Dare to Dream.Dare to Fly.Dare to be the chosen one to touch the sky.“Nothing can dim the light that shines within”  – Maya Angelou

It takes considerable strength to dare to dream.  To dare to be the one chosen to bring something special and wonderful to the world.  It means that you’ve taken the step of defining who you are at a soul level.  You are daring yourself to live up to that soul destiny.  When you dare to step out on the ledge, you realize that you are making yourself vulnerable.  Those who dare greatly, can fail greatly.  In fact, failures are a given.  You can’t step outside your comfort zone and not have some failures in your life.

“Only those who dare to fail greatly can ever achieve greatly”  – Robert Kennedy

When you reach up to touch the sky, you will almost always find that there are those who want to knock you down.  You can’t listen to the bullies of the world.  You can’t let fear run your life.

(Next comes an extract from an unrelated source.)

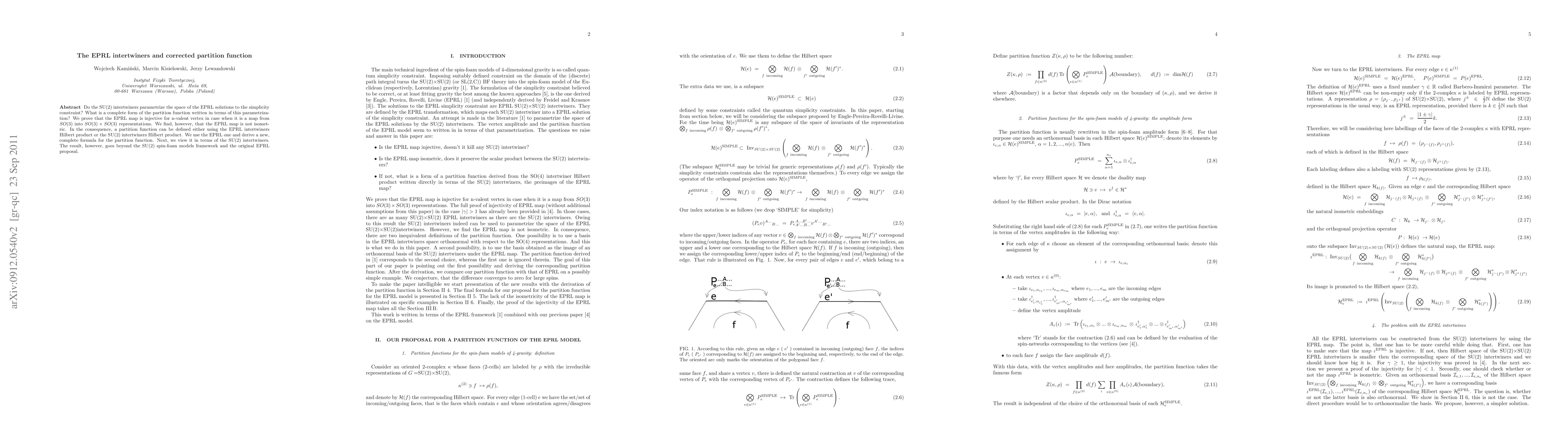 This paper investigates the role of SU(2) intertwiners in parametrizing EPRL solutions to the simplicity constraint and derives a corrected partition function formula. It proves the injectivity of the EPRL map for n-valent vertices but finds it non-isometric, leading to a rederived complete partition function formula extending beyond SU(2) spin-foam models.

Your assignment, your commitment, your intentions are all too valuable to be derailed by the lies and hatred of those who can’t stand in your light.

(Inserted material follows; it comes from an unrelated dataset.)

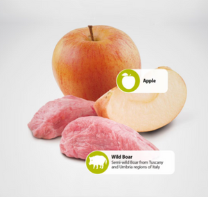 Wild Boar, Herring, Sweet Potatoes, Eggs, Herring Oil, Apples, Fructooligosaccharide, Chondroitin Sulfate, Glucosamine Hydrochloride, Vitamin A Supplement, Vitamin D3 Supplement, Vitamin E Supplement, Choline Chloride, Zinc Methionine Hydroxy Analogue Chelate, Manganese Methionine Hydroxy Analogue Chelate, Ferrous Glycine Complex, Copper Methionine Hydroxy Analogue Chelate, Selenium Yeast, DL-Methionine, Taurine, L-Carnitine.
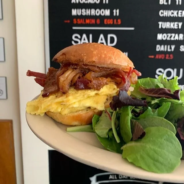 La Colombe beans & our mother's pastries from Arlene's Bakery. We serve a variety of sandwiches, salads,

“Advice is like snow.  The softer it falls, the longer it dwells upon and the deeper it sinks into the mind”  – Samuel Taylor Coleridge

Some poems have so much learning in them, that it blows your mind.  Some truths are so universal and so grounded in absolute truth, that they define all cultures and times.  I think that the poem “If” by Rudyard Kipling is one of those poems.  It was brought to my attention again when I read a blog that I subscribe to.  There is such a depth to it that I am only talking about a small part of it.  The part that relates to the courage you need to rise above all the drama that tries to attach itself, when you are daring greatly.  I will print the entire poem at the end.

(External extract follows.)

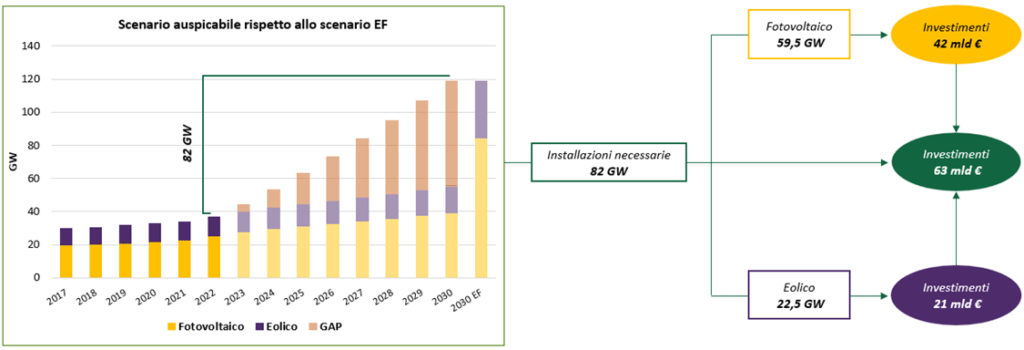 Lo scenario Elettricità Futura, invece, riporta un target più ambizioso, con una capacità installata al 2030 che sfiora i 120 GW: +82 GW rispetto al 2022, suddivisi in 59,5 GW di fotovoltaico e 22,5 GW di eolico
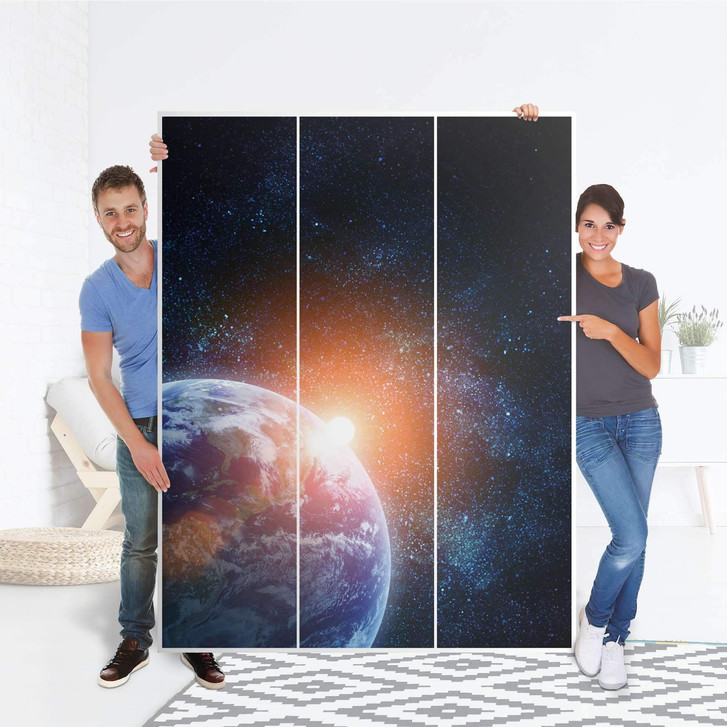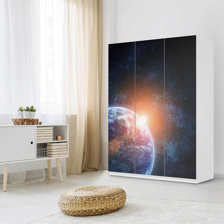 Unsere Folie Sunrise ist passend zugeschnitten für den Pax Schrank 201cm Höhe - 3 Türen und ist der Blickfang in jedem Schlafzimmer. Die Dekofolien sind hochwertige, selbsthaftende Vinylfolien (seidenmatt) und können dank Bubble-free Technologie kinderleicht verklebt werden.

“Throughout life people will make you mad, disrespect you and treat you bad.  Let God deal with the things they do, cause hate in your heart will consume you too”  – Will  Smith

I am only talking about the first stanza because we have seen so many people lately get caught up in violence, both with terrorism and workplace violence.  They fight against those that have different beliefs than themselves, as though having a difference of opinion makes theirs less valid.  They don’t understand that you can hold opposing viewpoints and not have to label one as right and one as wrong.

“You don’t have to disrespect and insult others simply to hold your own ground.  If you do, that shows how shaky your own position is”  – Red Haircrow

True warriors know that they don’t need to resort to fighting to be strong, to dare greatly and face the wind.  They can face the wind because they know what it takes to be different, and still be grounded in a fullness and ease of spirit and grace.  When you face the wind, you lift yourself up above the opinions of others.  You step into a space of knowing that what you are creating, manufacturing and generating is your own successful life.  You are fulfilling your destiny by daring to touch the sky.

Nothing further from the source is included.